■ EXTRACTED DATA ■
BEGIN
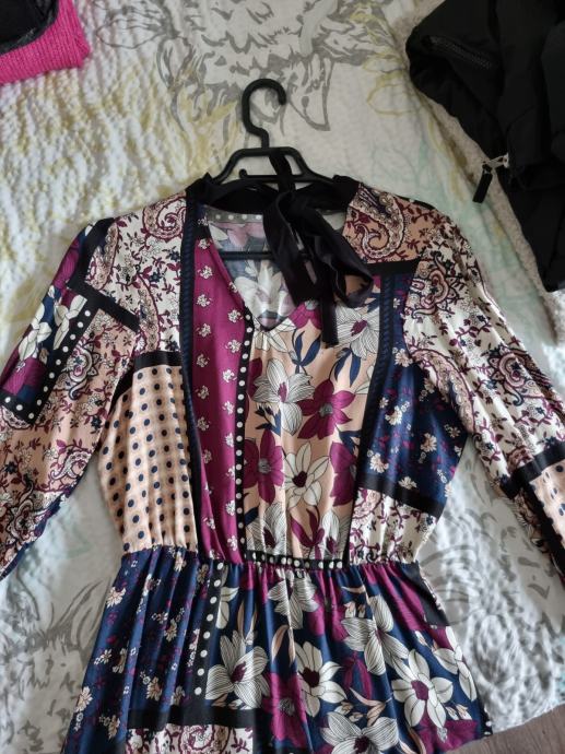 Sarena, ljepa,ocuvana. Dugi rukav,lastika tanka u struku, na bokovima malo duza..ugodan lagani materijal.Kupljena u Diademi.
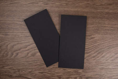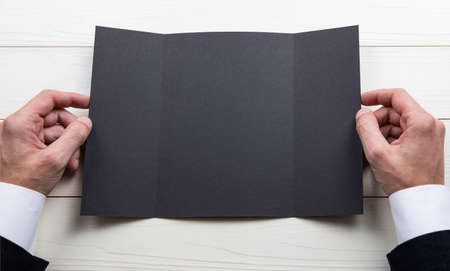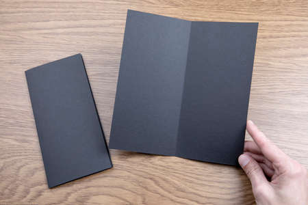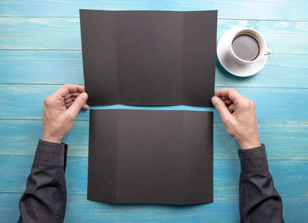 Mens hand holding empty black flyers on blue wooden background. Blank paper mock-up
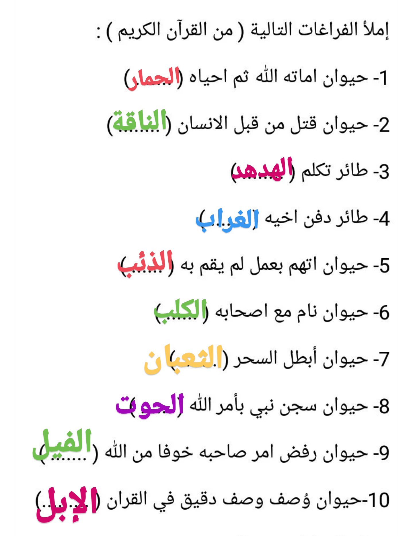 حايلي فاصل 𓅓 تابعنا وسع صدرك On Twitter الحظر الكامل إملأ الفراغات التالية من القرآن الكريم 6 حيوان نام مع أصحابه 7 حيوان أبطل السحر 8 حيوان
END
BEGIN
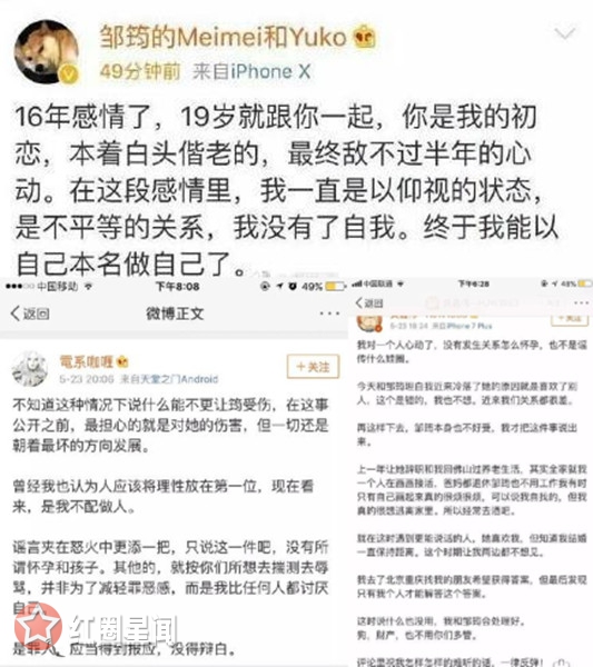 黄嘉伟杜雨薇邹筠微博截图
END
BEGIN
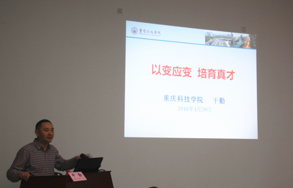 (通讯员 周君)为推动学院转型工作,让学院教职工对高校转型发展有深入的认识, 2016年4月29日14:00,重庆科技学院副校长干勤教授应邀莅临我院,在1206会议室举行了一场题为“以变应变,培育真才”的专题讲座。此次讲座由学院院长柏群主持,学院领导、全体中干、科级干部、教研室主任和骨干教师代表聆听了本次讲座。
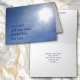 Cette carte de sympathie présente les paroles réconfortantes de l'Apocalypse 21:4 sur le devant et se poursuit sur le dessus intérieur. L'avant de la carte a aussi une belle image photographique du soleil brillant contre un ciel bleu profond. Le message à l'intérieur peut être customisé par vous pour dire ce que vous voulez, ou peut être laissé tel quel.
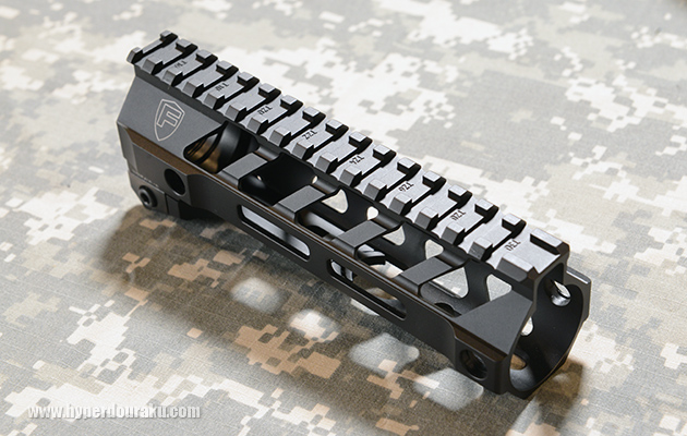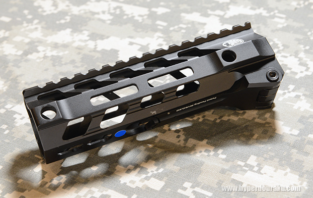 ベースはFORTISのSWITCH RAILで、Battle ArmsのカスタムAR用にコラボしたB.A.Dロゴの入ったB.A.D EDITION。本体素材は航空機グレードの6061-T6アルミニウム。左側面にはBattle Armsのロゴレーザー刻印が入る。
END
■ TASK ■
Word for word, repeat the lines above from the one with "Sarena, ljepa,ocuvana. Dugi" through the one with "حايلي فاصل 𓅓", and nothing beyond them. Omit the pictures.

■ EXERCISE OUTPUT ■
 Sarena, ljepa,ocuvana. Dugi rukav,lastika tanka u struku, na bokovima malo duza..ugodan lagani materijal.Kupljena u Diademi.
 Mens hand holding empty black flyers on blue wooden background. Blank paper mock-up
 حايلي فاصل 𓅓 تابعنا وسع صدرك On Twitter الحظر الكامل إملأ الفراغات التالية من القرآن الكريم 6 حيوان نام مع أصحابه 7 حيوان أبطل السحر 8 حيوان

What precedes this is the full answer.